Sobrenome também pode carregar rejeição por escândalos políticos
Filho de Domingos Brazão e sobrinho do deputado federal Chiquinho (sem partido-RJ), a candidatura a vereador de Kaio Brazão Filho (Republicanos-RJ) na cidade do Rio de Janeiro vai testar o capital político dos irmãos, presos pela suspeita de serem os mandantes do assassinato da vereadora Marielle Franco, do Psol, em 2018.
“Estou triste e feliz ao mesmo tempo. Triste, pois não vou ter duas pessoas que são muito importantes para mim, mas estou feliz por realizar um sonho. Desde o dia que meu pai falou que eu seria vereador, eu dormi pensando o que iria falar e hoje vou fazer o melhor”, disse o jovem de 23 anos em um dos vídeos do evento de lançamento da campanha, que contou com a presença do aliado Eduardo Cunha, ex-presidente da Câmara dos Deputados.
Durante o evento realizado no final de agosto, o candidato do Republicanos usou uma camisa em que pedia a libertação dos irmãos Brazão. O deputado federal Chiquinho Brazão foi expulso do União Brasil e teve parecer pela cassação do mandato no Conselho de Ética da Câmara. Com a prisão de Chiquinho e do pai, Kaio passou a contar com suporte do outro tio na campanha eleitoral, o deputado estadual Pedro Brazão (União Brasil-RJ).
Para o cientista político Juan Carlos Arruda, assim como o sobrenome pode alavancar uma candidatura, a rejeição do eleitorado também pode migrar nas urnas para os descendentes de políticos envolvidos em escândalos de corrupção ou suspeitas de crimes. “São clãs que tiveram a imagem manchada em função dos seus progenitores, dos detentores do sobrenome.”

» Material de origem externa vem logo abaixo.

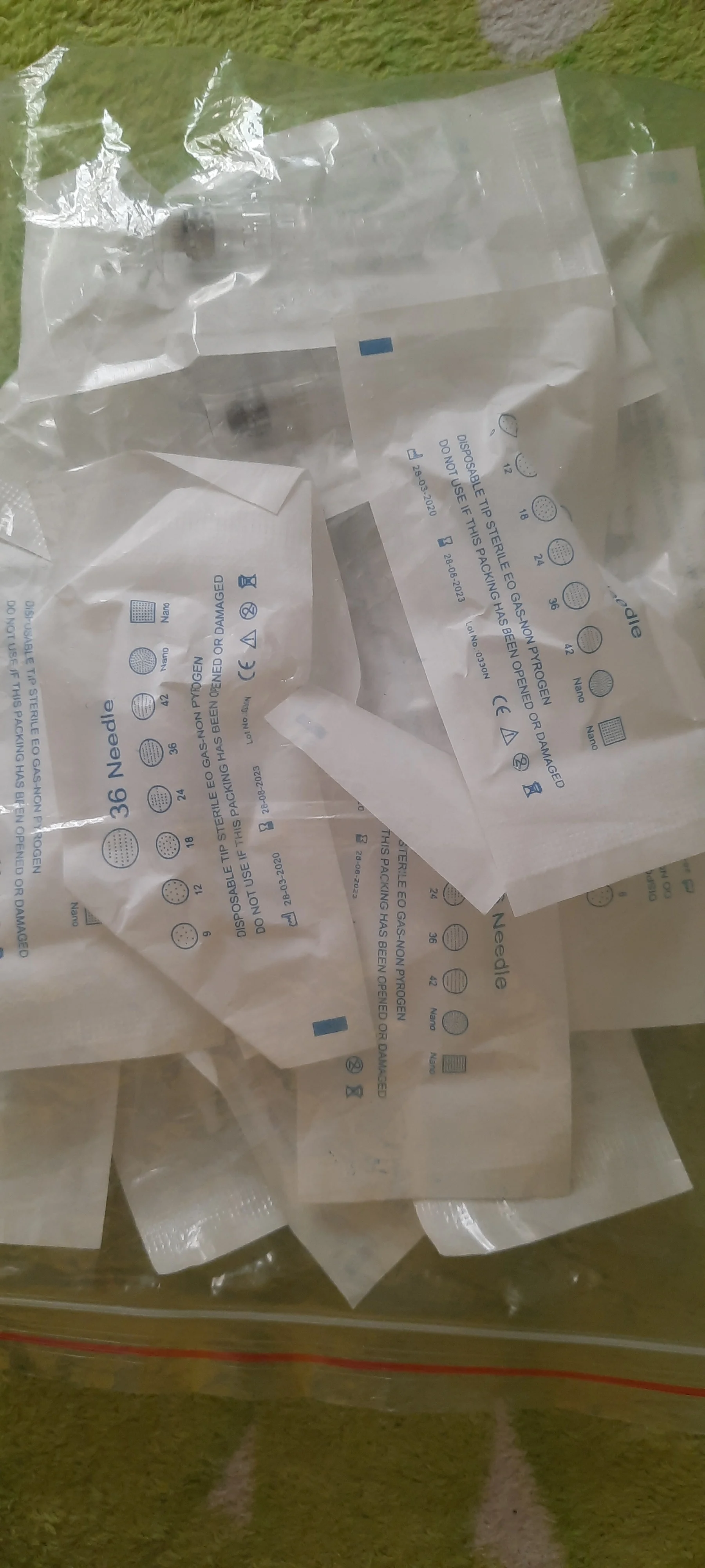 Пришли за 10 дней. Иглы хорошие, брала 42 пин. к аппарату подошли. делала первый раз. установила на 1 мм, на все лицо и глаза тоже. процедура заняла 40 минут. крови не было. краснота спала только через сутки. после процедуры делала тканевую маску. Для мезо использовала специальный препарат для мезотерапии экстракт улитки. Спустя сутки уже видно эффект, темные круги под глазами заметно уменьшились, морщины стали меньше. Мезо можно делать один раз в неделю, 10-15 раз. повторять курс можно два раза в год. Я не водила препаратом, а поднимала и опускала, иначе поцарапать лицо можно. в следующий раз глубину прокола увеличу немного. всем советую. новичкам лучше начинать с 0,5 мм. я до этого пользовалась мезороллером, совсем другое. но тоже хорошо для начала. мне 40 лет.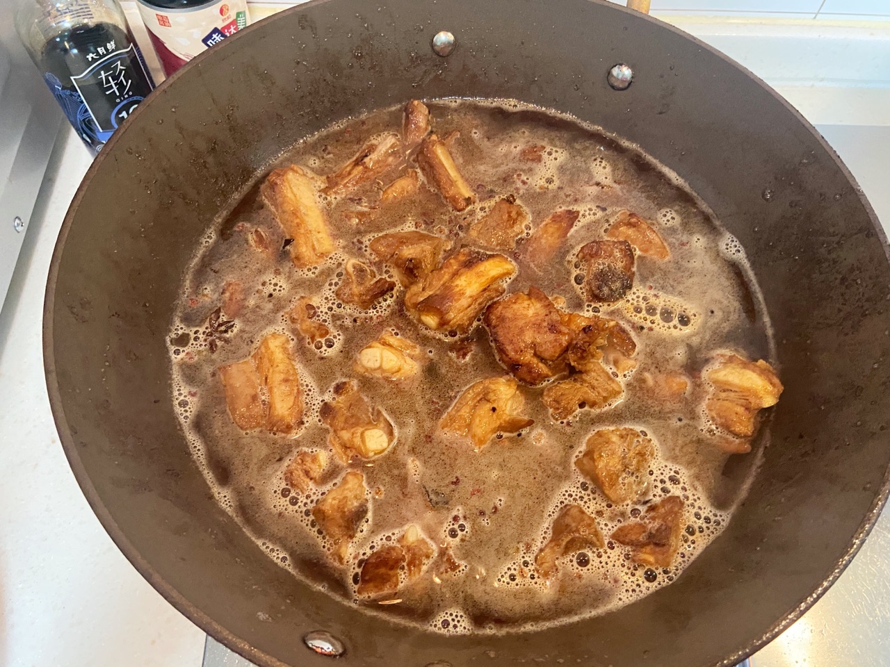 步骤6、加开水大火炖十分钟左右、小火继续慢炖至汤汁收干(一定要加开水没过排骨)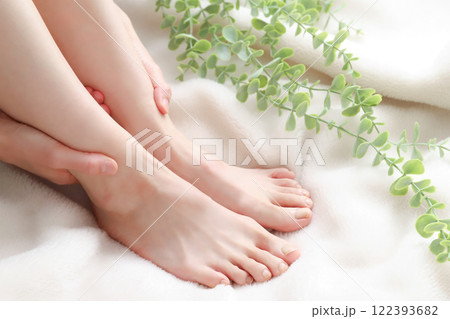 足のむくみケア・フットマッサージ・ボディケアをする女性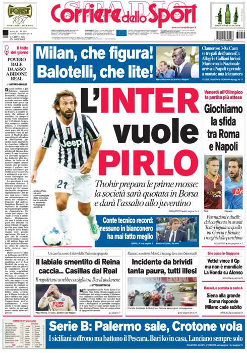 CORRIERE INTER PIRLO – La bomba del Corriere dello Sport parla di Pirlo che è nel mirino dell’Inter di Thohir.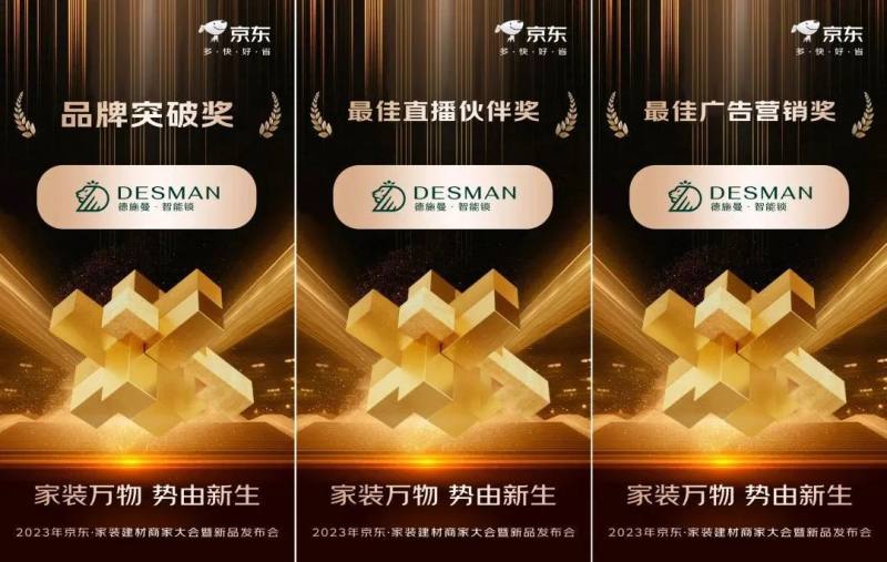 家装万物 势由新生!2023年京东家装建材商家大会暨新品战略发布会于近日隆重举行,现场邀请美的、九牧、松下、德施曼智能锁等行业头部品牌出席本次大会。其中,德施曼智能锁凭借强大的品牌实力,一举斩获“品牌突破奖”、“最佳广告营销奖”、“最佳直播伙伴奖”三大重磅奖项!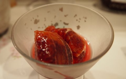 デザートは果物のコンフォート。季節によって果物は使い分けておられるようですが、今日はオレンジでした。

De acordo com ele, a estratégia é se descolar da imagem do líder ao ponto de esconder o sobrenome. Arruda cita o exemplo de Clarissa Garotinho, filha dos ex-governadores do Rio Anthony e Rosinha Garotinho, que concorreu ao Senado em 2022, apenas com o primeiro nome após evidenciar a origem familiar nas urnas nas eleições que concorreu desde 2008. “A imagem do ex-governador estava tão arranhada no estado do Rio de Janeiro que ela passa a usar apenas Clarissa e apaga o Garotinho, justamente para não se vincular ao pai”, lembra.